The computer is a lot of things for me. Because I work alone at home and desperately miss office banter, it's my water cooler. Because I have friends living in all kinds of time zones with offspring at every stage, it's my long-distance call. It's where I read the news, it's where I do all of my job work and my side work, it's where I have really interesting conversations with friends I've never met. I unwind here and I learn things here every day. I think the web is an amazing, collaborative space. I'm not striving to be hands-free, just to remember what I used to do before my life online (which I'm guessing was watch television and make shitty relationship choices because I was in my 20s).

The Internet is a big part of my routine, and though my house is reasonably tidy, dinner is cooked each night, the cupboards are stocked, child hugged and read to, husband given all those things husbands so enjoy, I am showered and dressed, bills paid, appointments scheduled and pets fed, and I feel productive, I know I can cut back.

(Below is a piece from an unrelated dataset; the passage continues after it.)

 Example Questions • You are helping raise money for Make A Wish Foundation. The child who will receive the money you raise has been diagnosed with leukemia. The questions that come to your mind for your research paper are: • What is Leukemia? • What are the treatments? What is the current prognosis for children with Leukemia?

So I asked Steve what concrete things I could do to improve this habit of mine. He said what drives him the most nuts is when we're out, I take photos and post them, and he thinks sometimes I'm more focused on making content than on the moment — he rolled his eyes into his brain stem when I joined Instagram. I do think about content, I love putting out stories that people will laugh with or relate to. I explained that and so we compromised — I'll take photos, but not post or check anything otherwise when we're out together. Done.

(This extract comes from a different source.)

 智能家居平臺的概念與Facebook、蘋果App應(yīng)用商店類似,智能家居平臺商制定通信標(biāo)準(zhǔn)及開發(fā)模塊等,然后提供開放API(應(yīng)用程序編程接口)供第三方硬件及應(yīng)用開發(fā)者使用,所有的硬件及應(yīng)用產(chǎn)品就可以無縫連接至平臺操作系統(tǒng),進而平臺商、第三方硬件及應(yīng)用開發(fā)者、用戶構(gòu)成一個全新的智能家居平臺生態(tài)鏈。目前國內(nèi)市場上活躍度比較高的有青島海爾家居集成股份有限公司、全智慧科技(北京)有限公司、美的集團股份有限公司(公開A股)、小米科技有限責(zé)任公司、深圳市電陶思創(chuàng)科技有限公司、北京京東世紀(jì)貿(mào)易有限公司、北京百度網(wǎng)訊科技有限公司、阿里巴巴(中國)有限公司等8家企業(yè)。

I also plan to once again institute my after-work blackout policy. I try, from when I finish work until Anna's in bed, to not engage online — no laptop, no phone, no iPad. We don't watch television much at all (we don't have cable because we're cheap, not because we're those insufferable people who have no TVs and tell you ALL ABOUT IT), so in a week you'll be able to see the spick-and-span gleam on my house from space.

We'll see how it goes. The changes are small, but they'll take some willpower. Realistically, I'm not going to cut back on using devices and with my new spare time go and re-tile the bathroom, but if I'm modeling better things for my kid and causing my husband less agita, that'll be enough of an accomplishment for me.

Did you make any resolutions this year?